The Alliance for a Healthier Generation has a number of great resources focused on sleep for all ages.  

Time for Mindfulness and Self-Care

The COVID-19 outbreak is stressful. Whether your community has experienced cases or you’re in preparation mode, the impact can be felt just about everywhere. A great way to manage the stress and anxiety of this outbreak is to take time to implement mindfulness and self-care practices, like meditation, into your daily routine. Mindfulness and meditation have grown in popularity around the world due to their positive effects on relieving stress, tiredness, anxiety or feeling overwhelmed.
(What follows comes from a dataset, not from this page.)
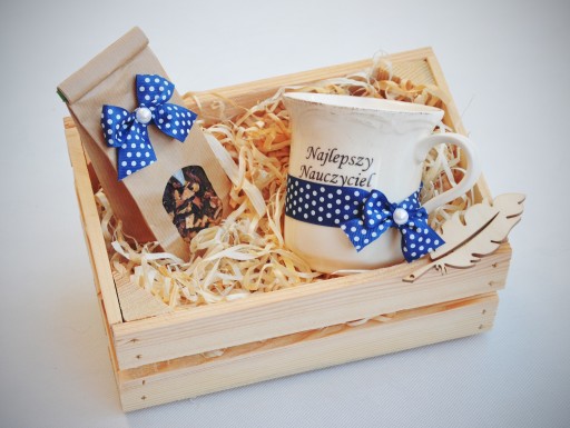 Elegancki, oryginalny i praktyczny prezent dla ulubionej nauczycielki, wychowawczyni. Ekskluzywny porcelanowy kubek i wyśmienita herbata - całość w drewnianej skrzynce.
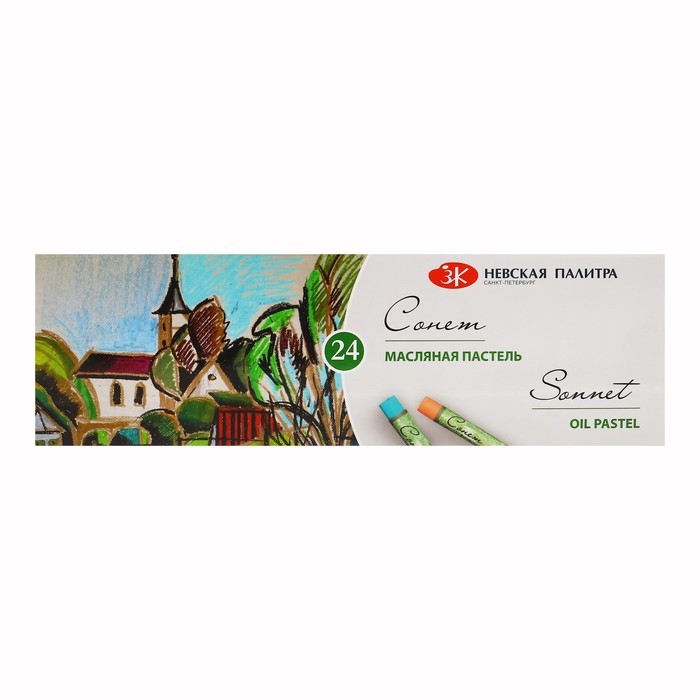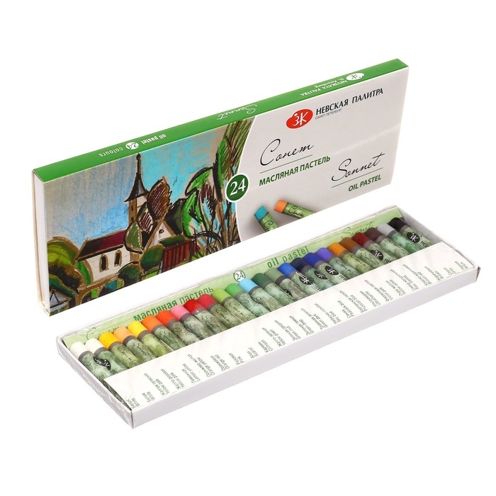 Масляная пастель "Сонет" изготовлена из высококачественных материалов. Она обладает интенсивностью и яркостью цвета, хорошей кроющей способностью, смешиваемостью, мягкостью. Пастель легко ложится на различные фактуры - цветную бумагу, бумагу для рисования, картон, дерево, керамику. Пастелью удобно работать на открытом воздухе. Дополнительное закрепление рисунка не требуется. Представлена в наборах по 12, 24 и 36 цветов. Состав набора: белая (2 шт.), желтая телесная, желто-розовая, лимонная, оранжево-желтая, оранжевая, розовая, алая, кармин, желто-зеленая, зеленая средняя, зеленая темная, травяная зеленая, небесно-голубая, синяя, берлинская лазурь, ультрамарин, фиолетовая cветлая, охра желтая, сиена натуральная, красно-коричневая, коричневая, серая, черная.

Self-care looks different for everyone – perhaps it’s making time for a workout, spending time outdoors, connecting with family, reading a book, or exploring thoughts through a practice like meditation.

Practice Good Hygiene

You may be tired of singing the happy birthday song while washing your hands for 20-seconds with soap and water, but it’s important to continue maintaining good hygiene. Continue to follow CDC’s recommendations on how to stay healthy, including avoiding close contact with people who are sick, avoiding touching your eyes, nose and mouth, staying home when you are sick, covering your cough and sneeze with tissues, and cleaning and disinfecting surfaces regularly.